‘Miso Hungry’

Director Tim Delmastro

Australian comedian Craig Anderson lives a very productive life in front of his computer screen, but his health is horrible. This film follows Craig on a mission to get fit by traveling through Japan in search of their skinny secrets.



How did you decide to do this film on this interesting and large fellow?

My previous documentaries are about serious topics, so I wanted to create a lighthearted and comedic documentary, which was still informative. I had seen some of Craig’s previous comedic work and thought he would be “the perfect fit” for the subject of the film.

Were the Japanese hosts welcoming? Did they fear you would make fun of their culture?

I’ve always found the Japanese people to be very welcoming, helpful, and friendly. They were quick to welcome and make us feel at home. The humor in the film comes not from making fun at their culture but from Craig’s bubbly personality. His goofball nature in a foreign setting is what adds color and humor to the film.

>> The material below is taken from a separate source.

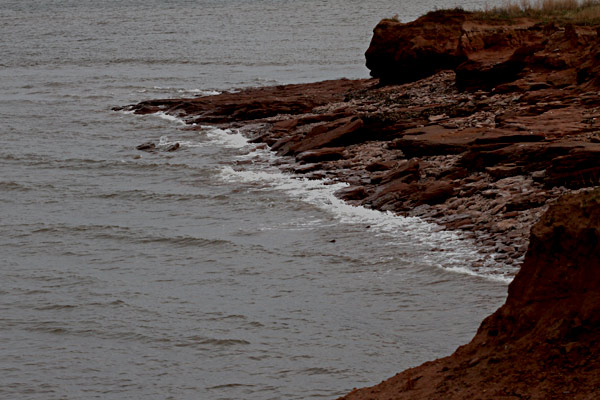 Nachdem wir im Lighthouse zu Mittag gegessen haben, machen wir machen einen langen Spaziergang. Der Wind pfeift uns um die Ohren. An dieser Stelle treffen die Northumberland Straight und der Gulf of St. Lawrence zusammen. Bei auflaufendem Wasser kann es natürlich am besten beobachtet werden. Bei Niedrigwasser also "low tide" kann man fast einen Kilometer auf dem Riff hinauslaufen.

What do you think Western viewers will find most surprising about this film?

When most people think of Japanese cuisine, sushi and raw fish immediately come to mind. Although these dishes are Japanese classics, I think western viewers will be surprised to discover the typical Japanese diet extends far beyond these dishes. Miso Hungry explores traditional Japanese meals and ingredients that are commonly found in the Japanese home, but which may not be familiar to viewers in the West. I think Western viewers will also be surprised by how simple and effortless these Japanese dishes are to prepare and serve.

How is Craig doing now?

When Craig and I initially discussed filming this unique dieting experiment, we thought a 12-week diet would be sufficient time to measure the results. However, even after we had finished principle photography, the effortless nature of the diet and the impressive health benefits which resulted convinced him to continue the diet. Craig continued the diet long after we had finished shooting the film, and he has continued to lose weight.

Did making this film in any way change your own diet?

I was born and raised in Japan, so a lot of the traditional Japanese ingredients and meals were already familiar to me. I regularly enjoy eating Japanese cuisine, even the smelly, sticky fermented soybeans.